Privacy Rule and the HIPAA Security Rule

The Privacy Rule protects all individually identifiable protected health information (PHI) maintained by the Covered Entity. It is not specific to electronic information and applies equally to written records, telephone conversations, etc. According to the Department of Health and Human Services, PHI includes data that relates to:
  • the individual’s past, present or future physical or mental health or condition or
  • the provision of health care to the individual or
  • the past, present, or future payment for the provision of health care to the individual
The Privacy Rule’s basic mandate is that organizations may only release PHI as explicitly permitted by the Privacy Rule or with the prior written consent of the individual who is the subject of the records. The Privacy Rule also contains a number of notification requirements and administrative requirements designed to ensure proper records are maintained and that individuals are aware of their rights under HIPAA.
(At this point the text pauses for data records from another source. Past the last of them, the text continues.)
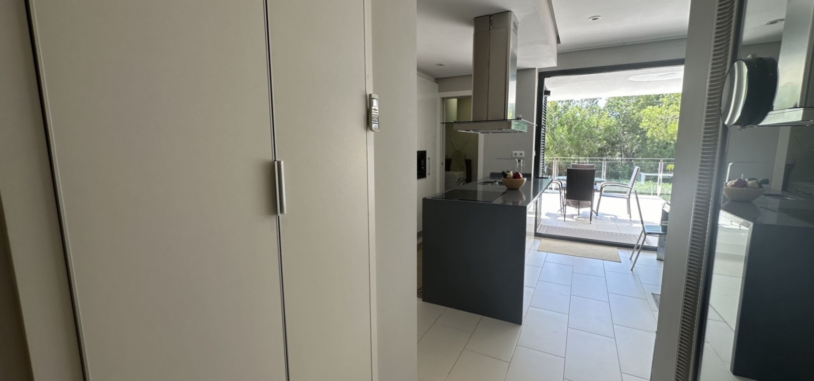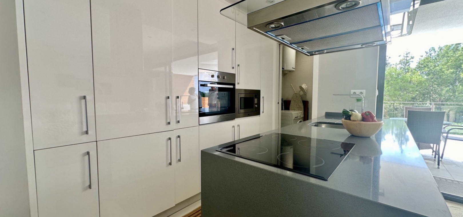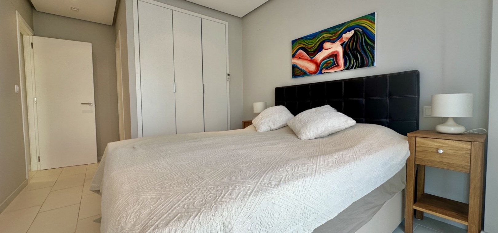 Cuisine ouverte et salon spacieux Buanderie séparée Deux chambres spacieuses avec placards intégrés Deux salles de bains modernes Climatisation et finitions haut de gamme dans tout l'ensemble
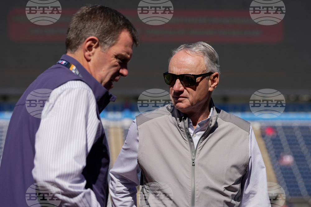 MLB Commissioner Rob Manfred, right, is seen on the field before Game 2 of the American League Wild Card baseball playoff series between the Cleveland Guardians and the Detroit Tigers in Cleveland, Wednesday, Oct. 1, 2025. (AP Photo/Sue Ogrocki)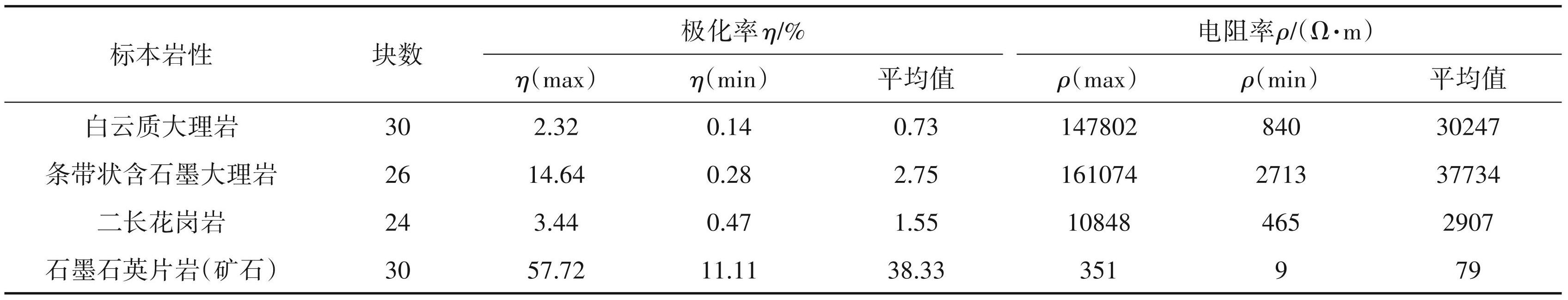 通过对区内的标本进行物性测定,显示矿体与围岩有明显的电性差异,矿(化)体具有“低阻、高极化”的物性特征,与围岩有明显的物性差异。主要标本参数见表2。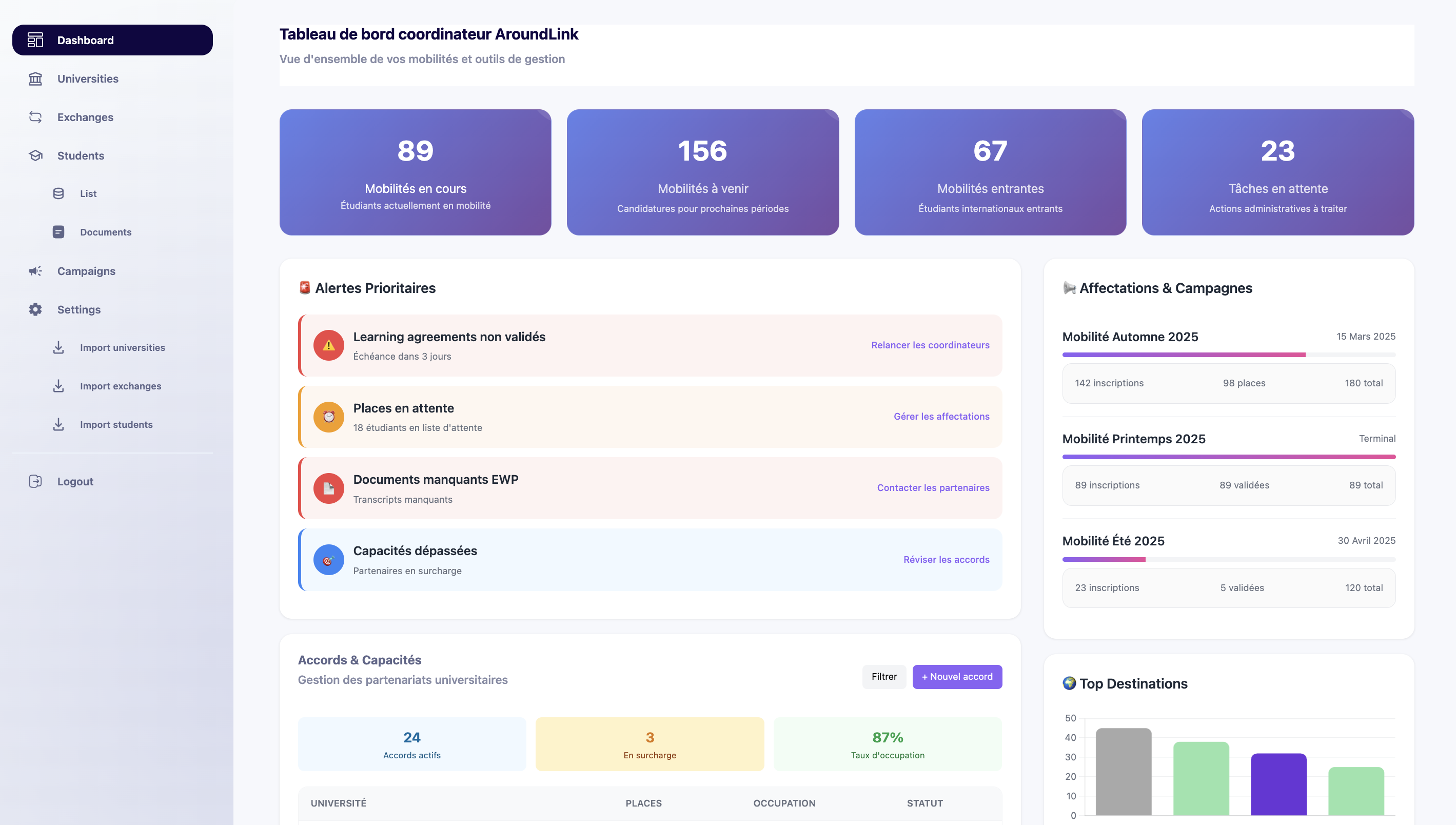 AroundLink centralizes all data, automates student flows, and simplifies the mobility process for institutions and students through a modern, intuitive SaaS platform.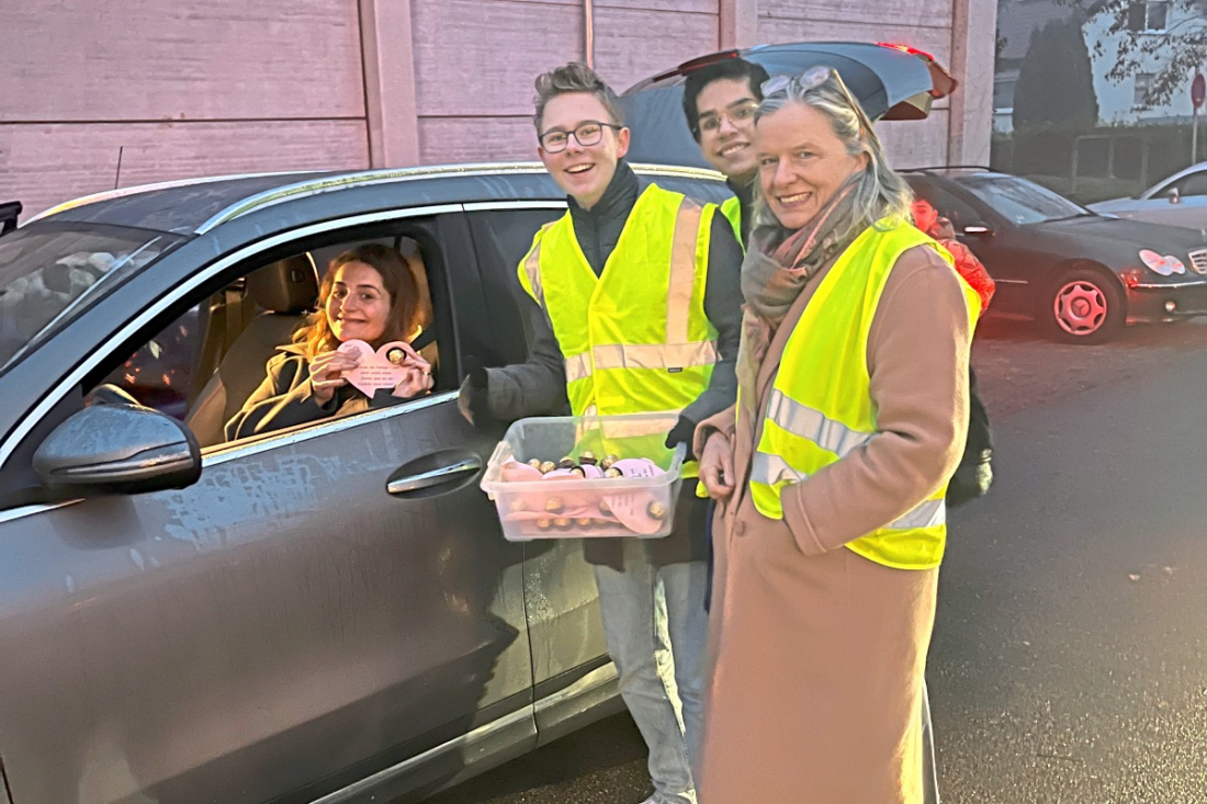 Sicherer Schulweg: Am Dienstagmorgen sorgte die Aktion der Schulleitung vor Schulbeginn für große Aufmerksamkeit. Die neue Haltezone wird von den Eltern positiv auf- und angenommen.
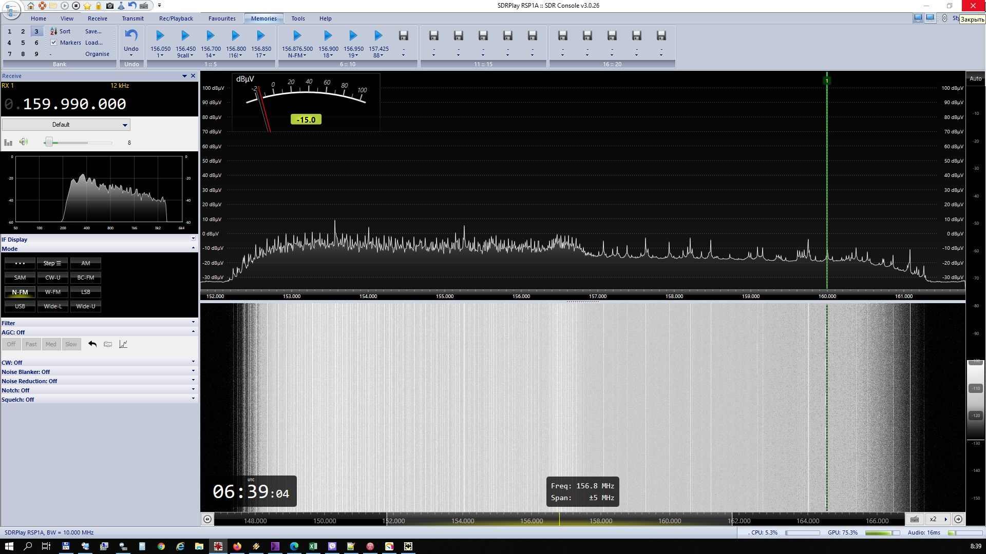 Good day! Installed SDR Console version 3.0.26 along with SDRPlay RSP1A on i9 7900x / 32GB RAM / SSD M2 + HDD / NVidio GT710 / Win2019 Server computer.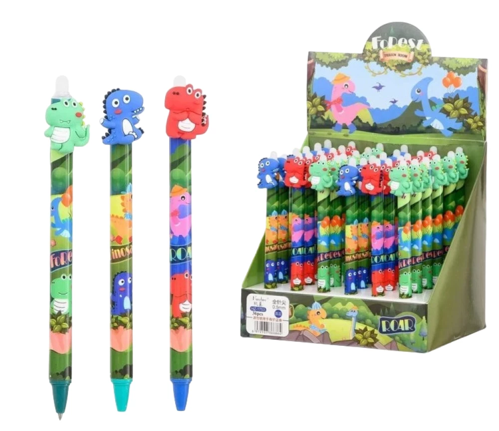 (Birome Retractil con tinta azul borrable, cuenta con diseño de dinosaurio. Ideales para regalar o llevar al colegio).

The Security Rule covers the security of electronic protected health information (ePHI). It prescribes a number of required policies, procedures and reporting mechanisms that must be in place for all information systems that process ePHI within the Covered Entity. It also prescribes a number of required and addressable implementation specifications designed to protect the confidentiality, integrity and availability of ePHI within the enterprise. These specifications fall into five categories:

  • Administrative Safeguards
  • Physical Safeguards
  • Technical Safeguards
  • Organizational Requirements
  • Policies and Procedures
The key to compliance with the Security Rule lies in the language of the law: implementing “reasonable and appropriate” measures. You should carefully evaluate each of the items your risk assessment identifies as possible security actions against this principle. If you (and your attorney) feel that the measure isn’t reasonable and appropriate when viewed in light of the type of data in question, the size of the business, the potential risk and other circumstances, it’s only necessary to document that rationale.
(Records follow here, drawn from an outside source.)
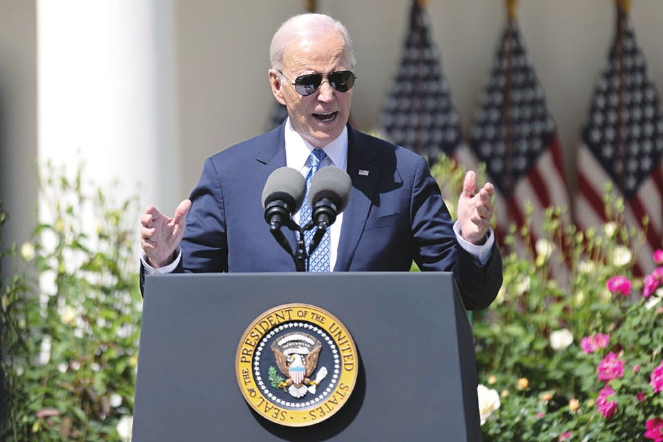 4月24日,在美国首都华盛顿白宫,美国总统拜登在一场活动上讲话。新华社发(亚伦摄)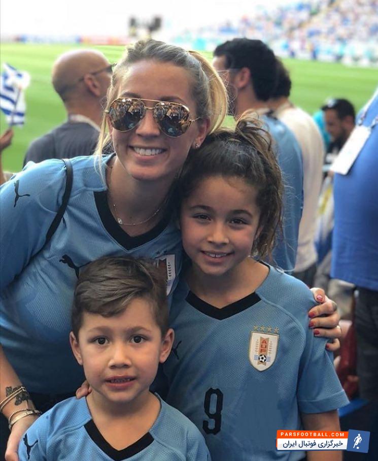 در ادامه عکسی از فرزندان و همسر او را می بینید که برای حمایت از او و تیم اروگوئه راهی روسیه شده اند.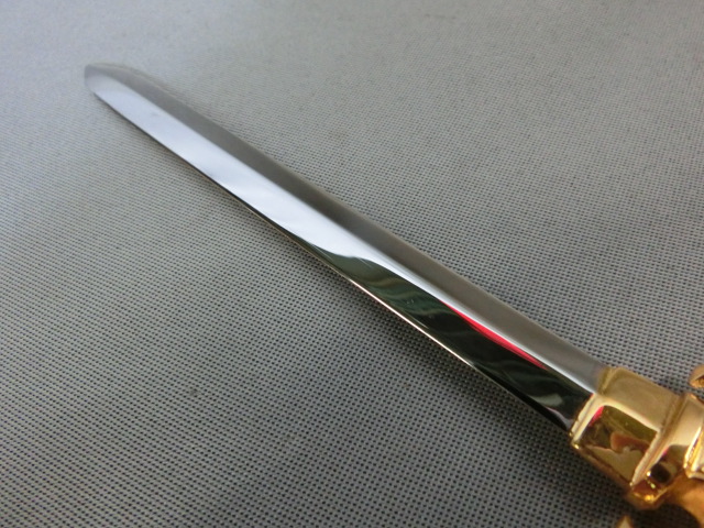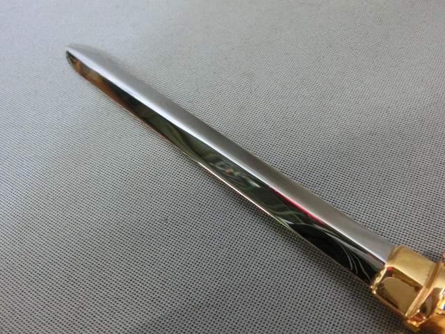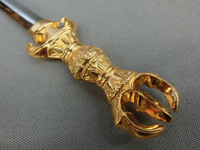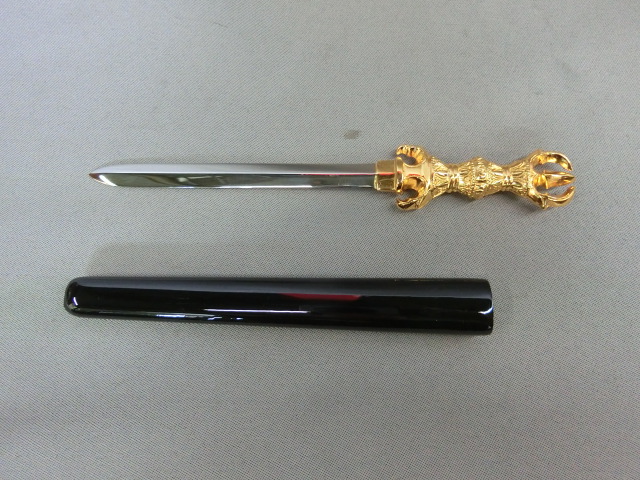 鞘に入れた長さで25㎝ 剣の全長22㎝ 刃の長さ約13㎝ 横幅1.2㎝ 三鈷~ハバキまで8.5㎝ |

It’s certainly true that HIPAA has caused database professionals a number of headaches while striving to come into compliance with the law. You should, however, view this as an opportunity to focus on the security of your databases. The procedural requirements of HIPAA only apply to specific PHI/ePHI data, but they’re reliable best practices for all of your data. When you’re working through the implementation exercises, ask yourself how much added effort would be required to apply the HIPAA standards to other, non-healthcare aspects of your organization.